Single-cell ATAC-seq of fetal human retina and stem-cell-derived retinal organoids shows changing chromatin landscapes during cell fate acquisition

We previously used single-cell transcriptomic analysis to characterize human fetal retinal development and assessed the degree to which retinal organoids recapitulate normal development. We now extend the transcriptomic analyses to incorporate single-cell assay for transposase-accessible chromatin sequencing (scATAC-seq), a powerful method used to characterize potential gene regulatory networks through the changes in accessible chromatin that accompany cell-state changes. The combination of scATAC-seq and single-cell RNA sequencing (scRNA-seq) provides a view of developing human retina at an unprecedented resolution.
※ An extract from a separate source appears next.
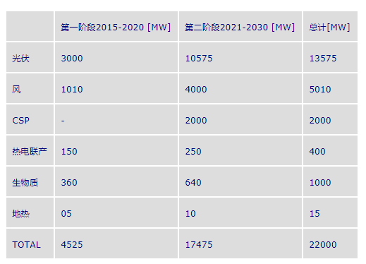 2015-2030期間為滿足全國市場需求而實現的可再生能源計劃的一致性為22,000兆瓦,其中到2020年將達到4,500兆瓦以上。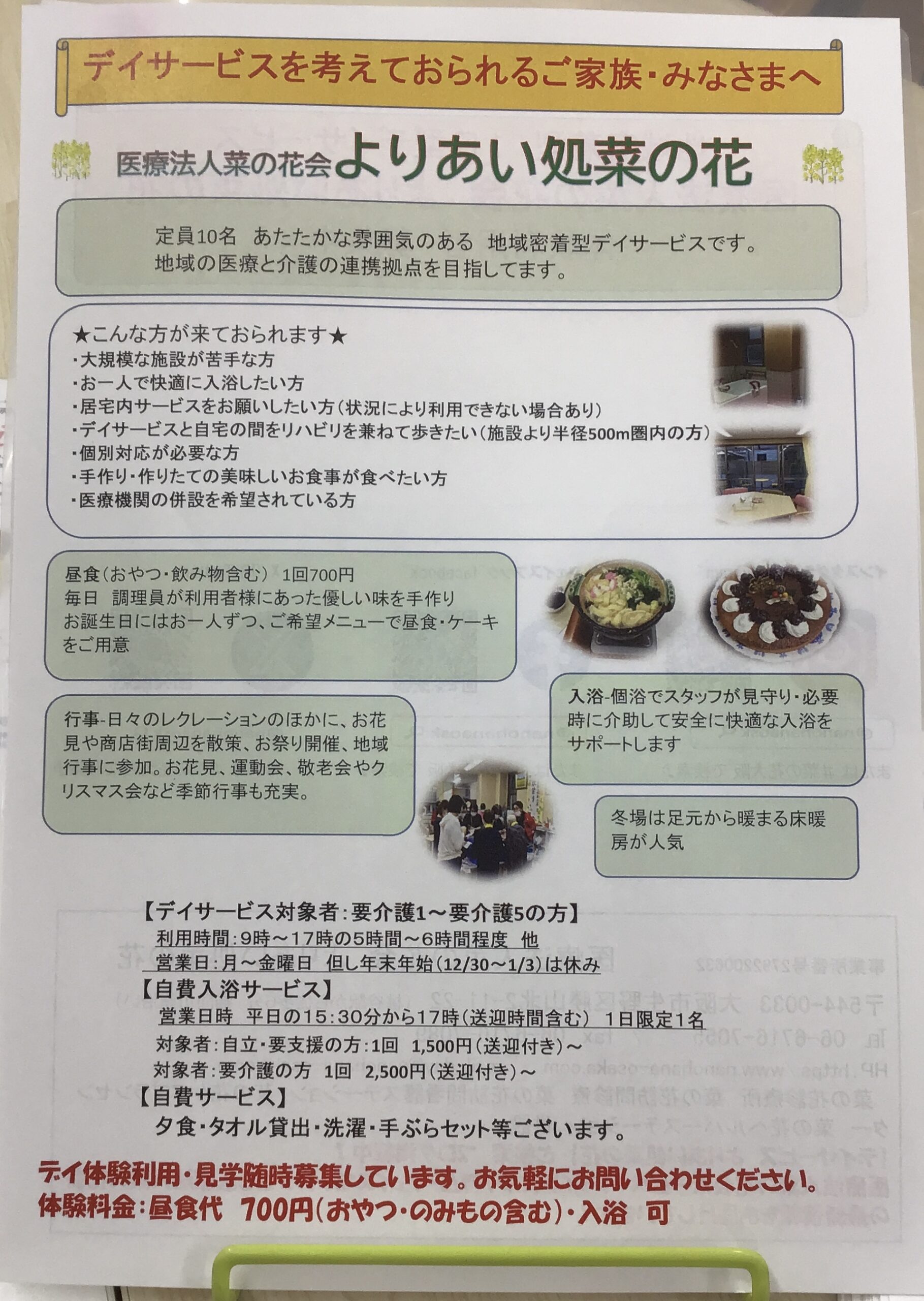 デイサービス体験利用無料‼️キャンペーン中😁 お知らせ 2026.02.12 ただいま体験利用者様の募集をしております🎶 お気軽にお問い合わせください❗️ ↓下記が2月現在の空き情報です 体験利用料金700円(昼食、おやつ、飲み物代) ↑今だけ無料‼️です😳 入浴無料 お問い合わせは下記までお願いいたします。 よりあい処菜の花 電話06−6716-7055

We identify key transcription factors relevant to specific fates and the order of the transcription factor cascades that define each of the major retinal cell types. The changing chromatin landscape is largely recapitulated in retinal organoids; however, there are differences in Notch signaling and amacrine cell gene regulation. The datasets we generated constitute an excellent resource for the continued improvement of retinal organoid technology and have the potential to inform and accelerate regenerative medicine approaches to retinal diseases.

Automated summary

This study combines single-cell transcriptomic analysis with chromatin sequencing to investigate human fetal retinal development and identify key transcription factors and their cascades. By comparing retinal organoids, differences in signaling pathways and gene regulation are discovered. These findings are crucial for improving retinal organoid technology and advancing regenerative medicine approaches for retinal diseases.